If payments are the engine that is powering digital transformation, then payment orchestration is how global enterprises can keep that engine running at peak performance. The widespread adoption of payment orchestration platforms across many industries is what we view as the most impactful development on the horizon for the payments space. As discussed in a previous PYMNTS article, it could even help companies recover faster from the current crisis.
What is payment orchestration? And why is it so critical to a modern payments ecosystem? Put simply, payment orchestration is the act of unifying all components of a transaction under a single control layer, enabling end-to-end management and automation of payments processing. For cross-border merchants, this means integrating the right mix of regional and global payment partners (PSPs, acquiring banks) to facilitate intelligent transaction routing, optimize acceptance rates and minimize cost. It also means automating back-end processes like settlement, reconciliation and voucher management.
But perhaps the most critical aspect of payment orchestration is its ability to improve the consumer journey at every touchpoint. By simplifying the payment process with features like embedded checkout, integrated biometric validation and less intrusive fraud rules, a payment orchestration platform can remove many of the roadblocks consumers encounter before completing a transaction. And by offering them a flexible and dynamic choice of payment method, payment orchestration platforms also help meet customer expectations and maximize conversions.
Payment orchestration also improves overall payment ecosystem resilience. By connecting to multiple PSPs/acquirers, there’s a failover process for transactions.

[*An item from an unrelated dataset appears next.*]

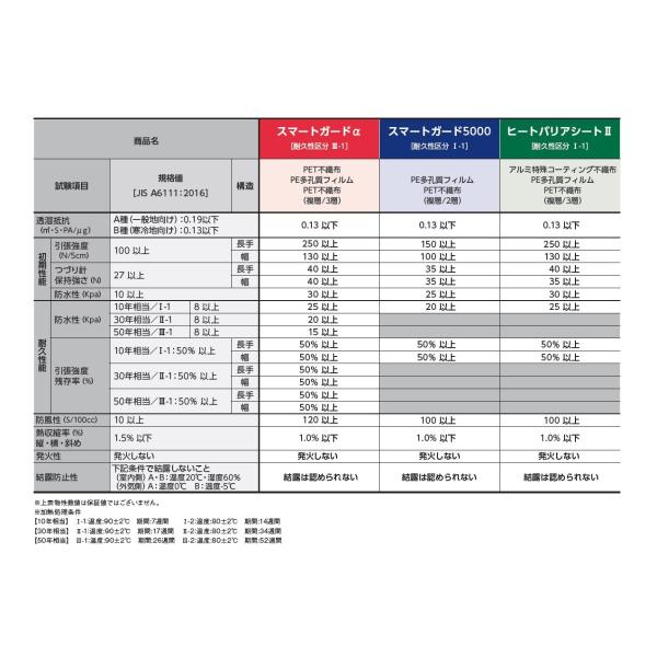遮熱機能を持ち、かつ従来の透湿防水シートの施工性・高い透湿性と防水性を保持した商品です。遮熱性に反射率の高いアルミ箔ではなくアルミ特殊コーティング不織布を使用しているのも透湿性を確保する為です。透湿性能は内部結露を防止する上で非常に重要であり、高い透湿性がヒートバリアシートIIの特徴です。

If a payment fails, the system automatically reroutes it to a second or third alternative route to secure a higher transaction success rate. That reduces per-payment costs to the merchant and maximizes sales. It also satisfies the customer, who was able to complete their transaction using their preferred payment method without a decline or refusal that was out of their control.
This combination of acceptance maximization and cost reduction makes payment orchestration a high-ROI proposition. The automation of back-office functions further enhances the value of this solution. As a result, digital payment costs can be reduced by upwards of 20 percent, again depending on the individual merchant’s existing circumstances. So not only does adopting payment orchestration make sense for companies planning for the future of digital payments, but it also has a real, immediate bottom-line impact as well.
But unlike other initiatives that provide a temporary boost in profitability or revenue generation, payment orchestration allows companies to prepare for and adapt to whatever the payments landscape might present. Payment orchestration is futureproofed, enabling a scalable, resilient and cost-effective solution to end-to-end payment processing, providing a fast time to market for new payment methods and platforms as they become more relevant to a company’s customer base or target market. It’s flexible enough to integrate new acquirers or back-end processes as they become necessary. And it provides the cohesion and simplicity consumers demand from their payments experience – and is critical for commercial success.